What is the best debt fund to park 15 lakh Rs for 3 Years

What is the best debt fund to park 15 lakh Rs for 3 Years?

Aug 19, 2015 by Mohit, Delhi  |   Mutual Fund

Since you have a three year investment horizon, you can opt for long term debt funds or credit opportunities funds depending upon your risk appetite. If you have the appetite for volatility, then you can opt for long term debt funds. Long term debt funds are subject to interest rate sensitivity. If interest rates go down, then these funds will give high returns and if the interest rate goes up returns will be lower. In the current economic environment, it is likely that interest rates will go down on a structural basis. Even the RBI Governor in the last monetary policy review said that the RBI is pursuing an accommodative monetary policy and will be looking to reduce interest rates. Therefore if you have an appetite for volatility, long term debt funds are good investment opportunities over a three year investment horizon. Within long term debt funds, you can choose between gilt funds or long term income funds.
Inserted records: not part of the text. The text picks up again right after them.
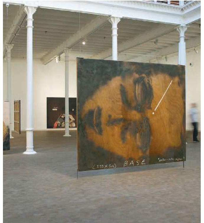
Antoni Tàpies. Cap braços cames cos

Les obres més recents condensen la brutalitat i la representació directa dels inicis, inscrites entre moviments d'apaivagament. Sense defugir la tensió entre el traçat i la matèria, la qual és inseparable en la pràctica, Antoni Tàpies construeix una obra que altera la mirada, però que també està obsedida per la materialitat ("la pastositat", com ell diu) del treball de pintor. La matèria és espessa, és carn, es pot gratar, foradar i obrir; s'abilla i es despulla.
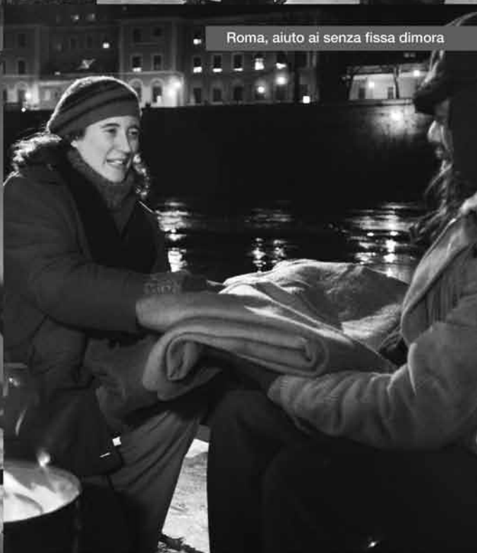
Roma, aiuto ai senza fissa dimora
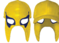
AMARILLO MARINO 557
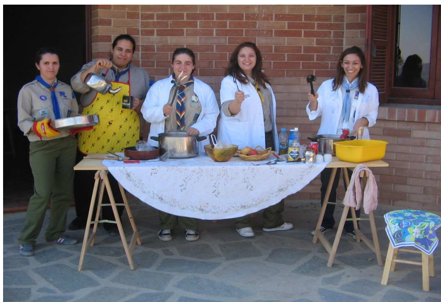
(Θεατρικό εργαστήρι, Κόρνος, 2011)

Αποστολή στον Κλάδο Λυκοπούλων της Γ.Ε. του Μηνιαίου προγράμματος, ολοκληρωμένου, πριν την υλοποίηση του.Φωτογραφικό υλικό για κάθε συγκέντρωσης ξεχωριστά, που να αποδεικνύει όλα τα παραπάνω, μετά την λήξη του Μ.Θ.
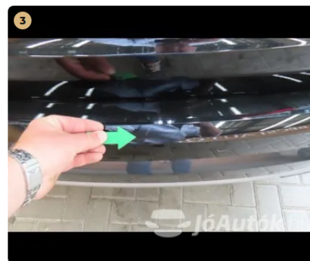
⚠ hátsó vészháritó enyhe karc
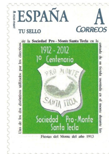
1º Centenario. Sociedad Pro Monte Sta. Tecla Data de emisión 1/11/2012
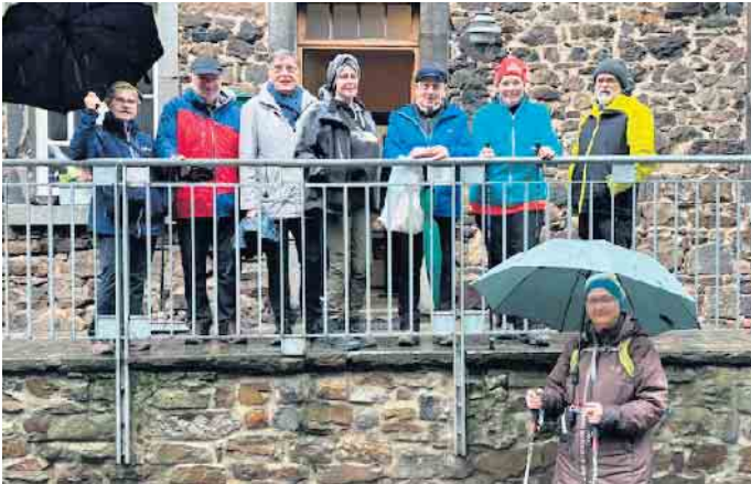
8. Februar: Weiberfastnacht auf der Laufenburg
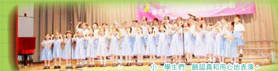
小一學生們一臉認真和用心地表演。
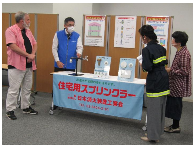
(一社)日本消火装置工業会
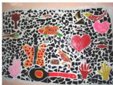
Montagem com grandes peças de cerâmica no painel de mosaico
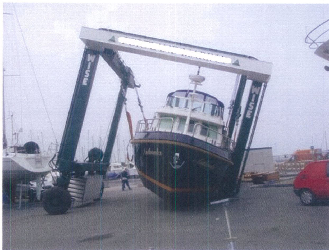
AIPERT - AIPAM "Predisposizione delle merci al trasporto" Genova , 5 Maggio 2017
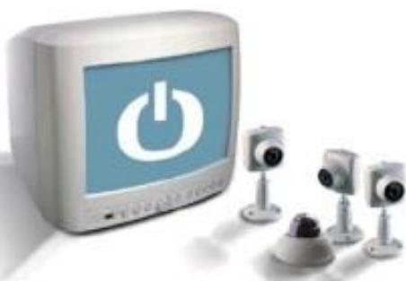
Televisioni a circuito chiuso (TVCC)
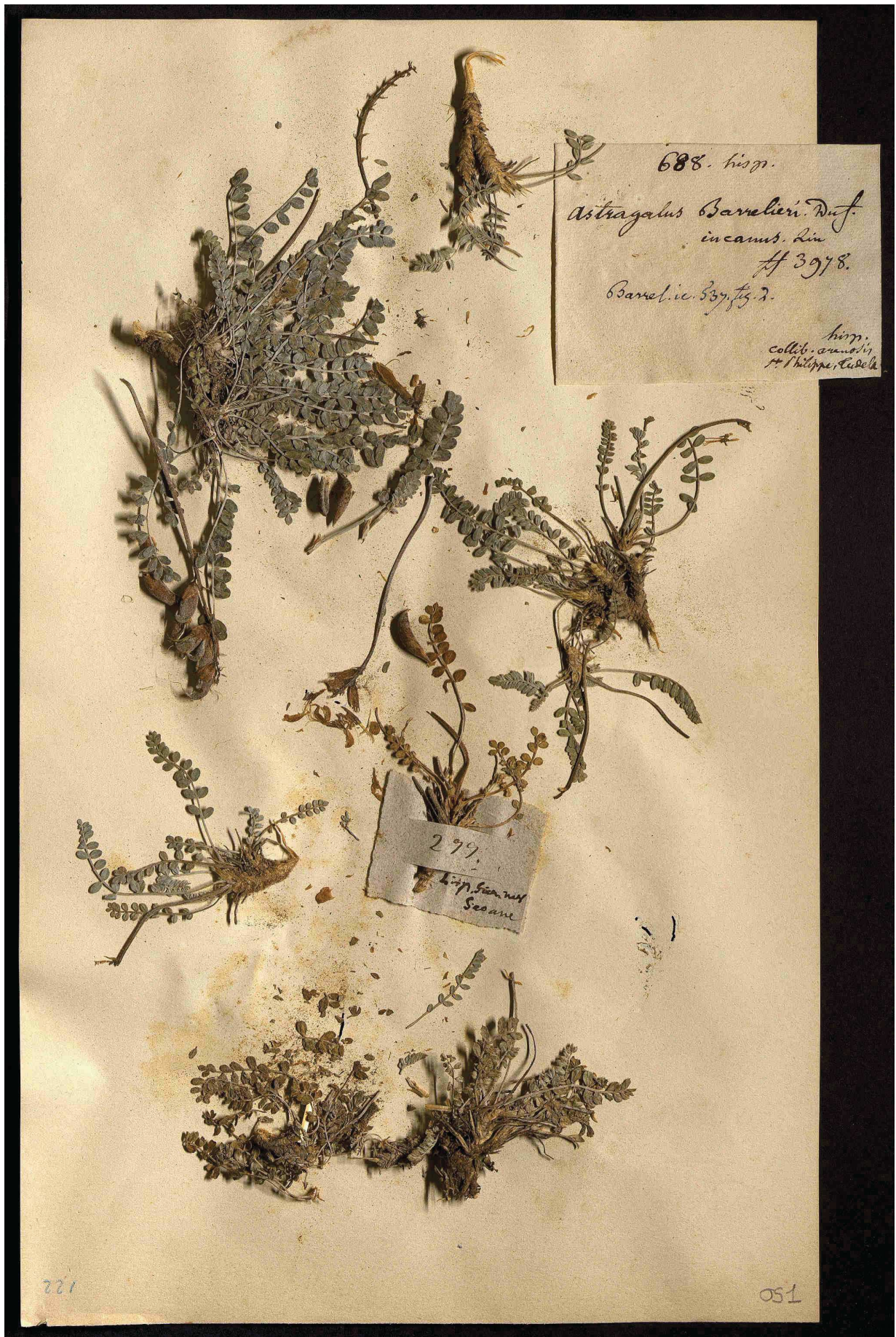
Fig. 4. Pliego de herbario que contiene el lectotipo de Astragalus barrelieri Dufour (BORD, Herbar Léon Dufour 5.4.051).
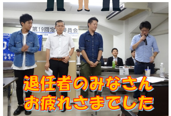
退任者のみなさん お疲れさまでした
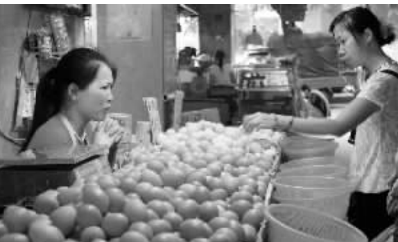
在南华西路某肉菜市场,鸡蛋的零售价为4.2元。

时报讯 (记者 赵安然 实习生 李蕴贤 陆璟) 让老广提心吊胆了近两个月的菜价持续走低,且“跌势”丝毫没有受到强热带风暴“北冕”的影响,上周蔬菜
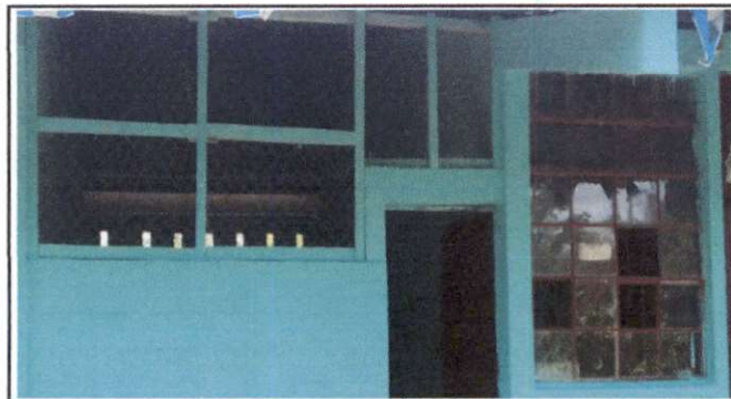
Foto 3: Fabricación e instalación de balcones de hierro en ventana.
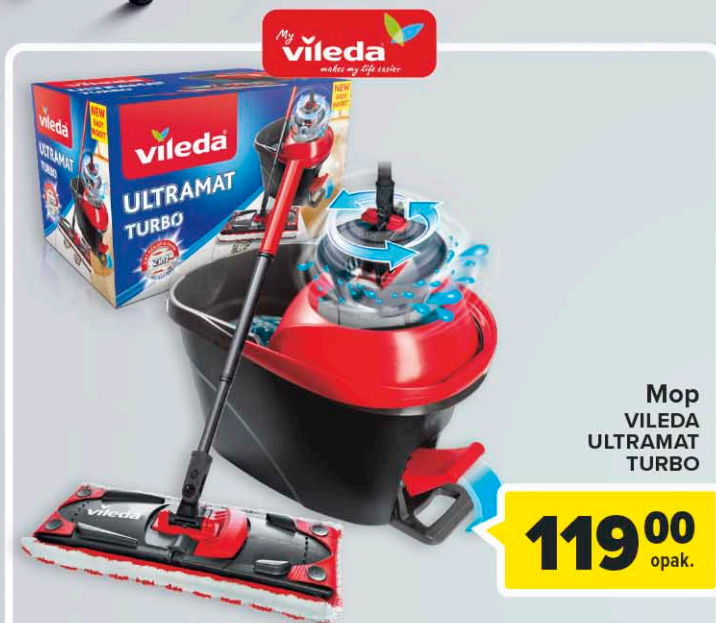
Mop VILEDA ULTRAMAT TURBO

Zrób zakupy za min. 150 zł w terminie 22.11 - 2.12.2023 r.
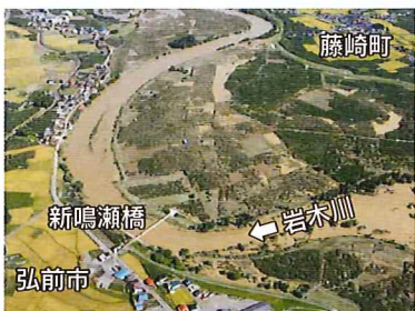
▲平成25年9月台風18号洪水 出水状況
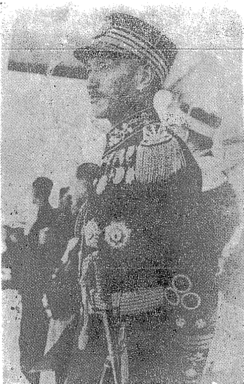
蔣介石在南昌主持新生活運動。

民國十七年，全國先後統一。蔣公於十月出任國民政府主席。二十一年三月，改任軍事委員會委員長，主持政軍大計，從民國十七年到廿六年抗日戰爭前爆發前，首尾十年，領導國家建設。對外自民國十七年七月起，與各友邦國家改訂
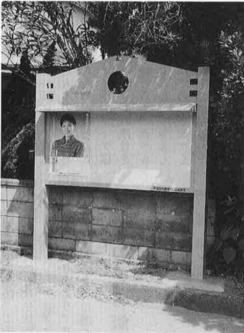
新町会館前の掲示板
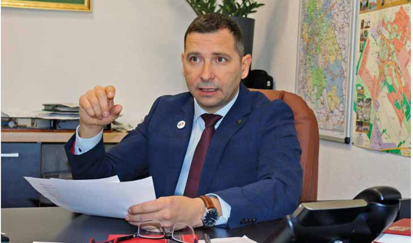
Pintér Lajos szerint a takarékos gazdálkodás hosszú távon előnyös

gedélyek után ezt hamarosan már át is adhatjuk. A Teleki Sámuel utca és a Fenyvesligeti út közötti önkormányzati ingatlanon erdős esőkert kialakítását kezdtük el 2023. októberben, és ennek részeként novemberben a Székely Bertalan út alá egy csapadékelvezető cső is került. A beruházás befejezése után már nem önti el a csapadékvíz a közeli ingatlanokat, a Székely Bertalan úton nem okoz balesetveszélyes átfolyásokat, a vízmegtartással pedig kiegyensúlyozottabb lesz a település vízháztartása. A tervezést indítottuk el 2023-ban, idén tavasszal pedig a veregyházi önkormányzattal közösen elkezdjük a két települést összekötő 740 méteres, kerékpárutat is magában foglaló járdaszakasz kivitelezését.
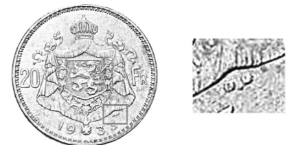
Ініціали Г. Девреза «G.D.» на реверсі монети номіналом 20 франків 1933–1934 рр.

Gilt funds have a higher sensitivity to interest rates compared to long term income funds. Gilt funds invest in Government securities with varying maturities. Based on last month’s data, the average yield to maturity (YTM) and modified duration of Gilt funds are 8% and 8 years respectively. In the event interest rate goes down by 2 to 3% over the next three years, based on the average YTM and modified duration of these funds, you can get 14 – 16% returns. Needless to say, if interest rates go up, however unlikely it might be, you will get much lower returns, even less than 8%. L&T Gilt Fund, SBI Magnum Gilt fund, among others are good gilt funds.

Long term income funds also have a high sensitivity to interest rate. However interest rate sensitivity is slightly less compared to gilt funds. The average YTM and modified duration of long term income funds, based on last month’s data, are 8.5% and 5 years respectively. Please note that these are average YTM and modified durations for the different funds in the long term income funds categories. Some funds may have lower yields and higher modified duration and vice versa. If YTM and modified duration is 8.5% and 5 years respectively, and interest rate goes down by 2 to 3% over the next three years, you can get 12 – 14% returns. Like gilt funds, if interest rates go up, however unlikely it might be, you will get much lower returns. Tata Dynamic Bond Fund, HDFC High Interest Fund – Dynamic Plan, BNP Paribas Flexi Debt Fund, among others are good long term income funds.

If you do not wish to take interest rate, then you can opt for credit opportunities funds. These funds invest in corporate bonds of very high credit quality and hold them till maturity. Therefore interest rate risk is low. Based on last month’s data, the average maturity of the credit opportunities funds is around 2.5 years. Since your investment horizon is 3 years, the re-investment risk is also relatively small. The average YTM of these funds is about 9%. However, if you choose the right credit opportunities funds you can potentially get in excess of 10% returns. Franklin India Short Term Income Plan, UTI income opportunities fund among others are good credit opportunities funds.

You can choose between long term debt funds and credit opportunities for your debt portfolio. You can also choose to allocate a portion of your investment to gilt funds, a portion to long term income fund and a portion to credit opportunities fund, depending on your risk profile and investment objectives. You should discuss with your financial advisor, your investment objectives and then make your investment decision accordingly.